> _About this task_
Each line in the data must be reproduced as written, except for any picture.

> _Source material_
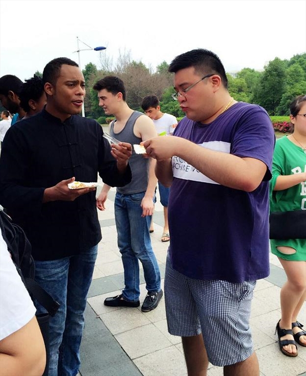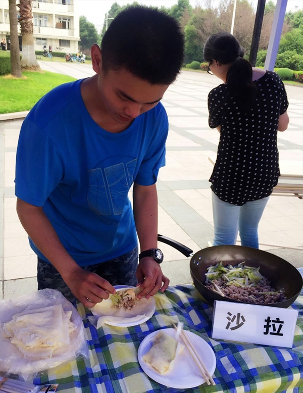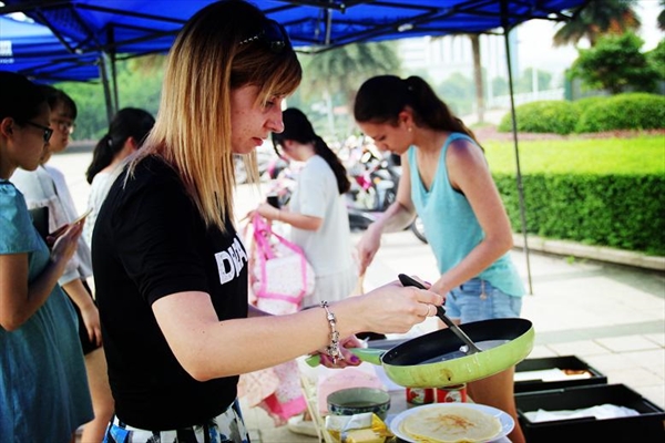 南校区专家楼门前人来人往,热闹非凡,由国际合作学院举办的“多国美食节”活动吸引了555电影
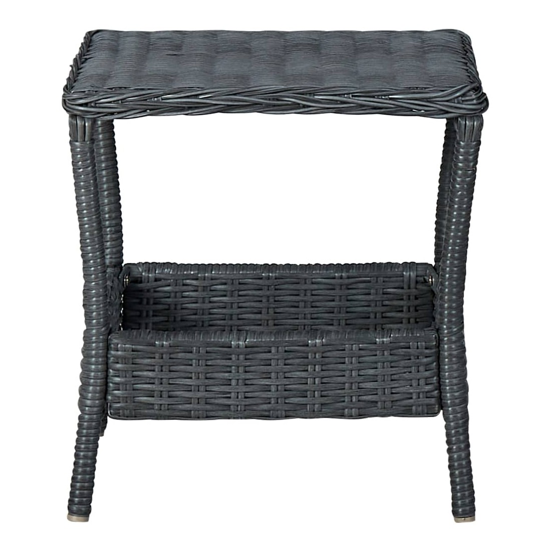 - Matériau : résine tressée ronde, acier enduit de poudre, panneau PP
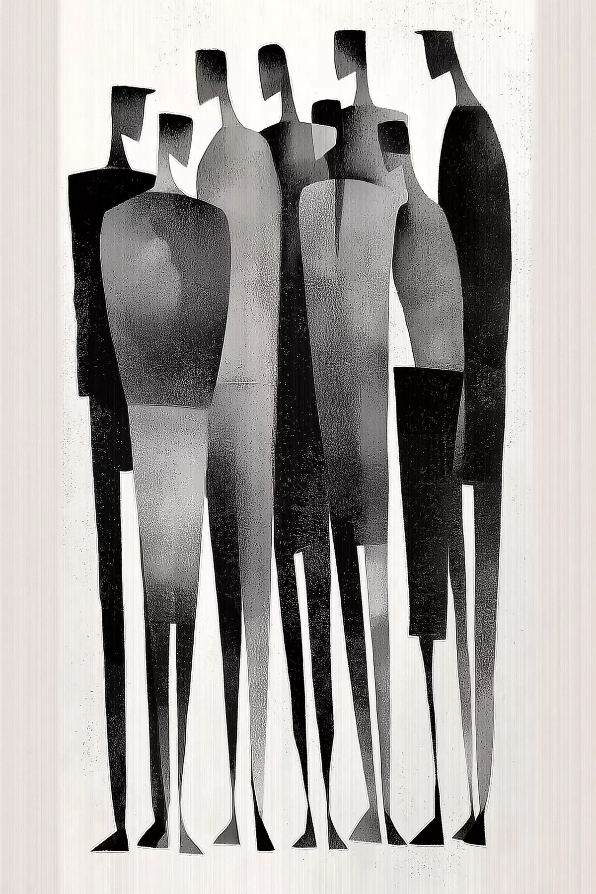 Картина мінімалістичні видовжені людські фігури, що стоять у ряд Арт. s48069

> _Answer to the problem_
 南校区专家楼门前人来人往,热闹非凡,由国际合作学院举办的“多国美食节”活动吸引了555电影
 - Matériau : résine tressée ronde, acier enduit de poudre, panneau PP
 Картина мінімалістичні видовжені людські фігури, що стоять у ряд Арт. s48069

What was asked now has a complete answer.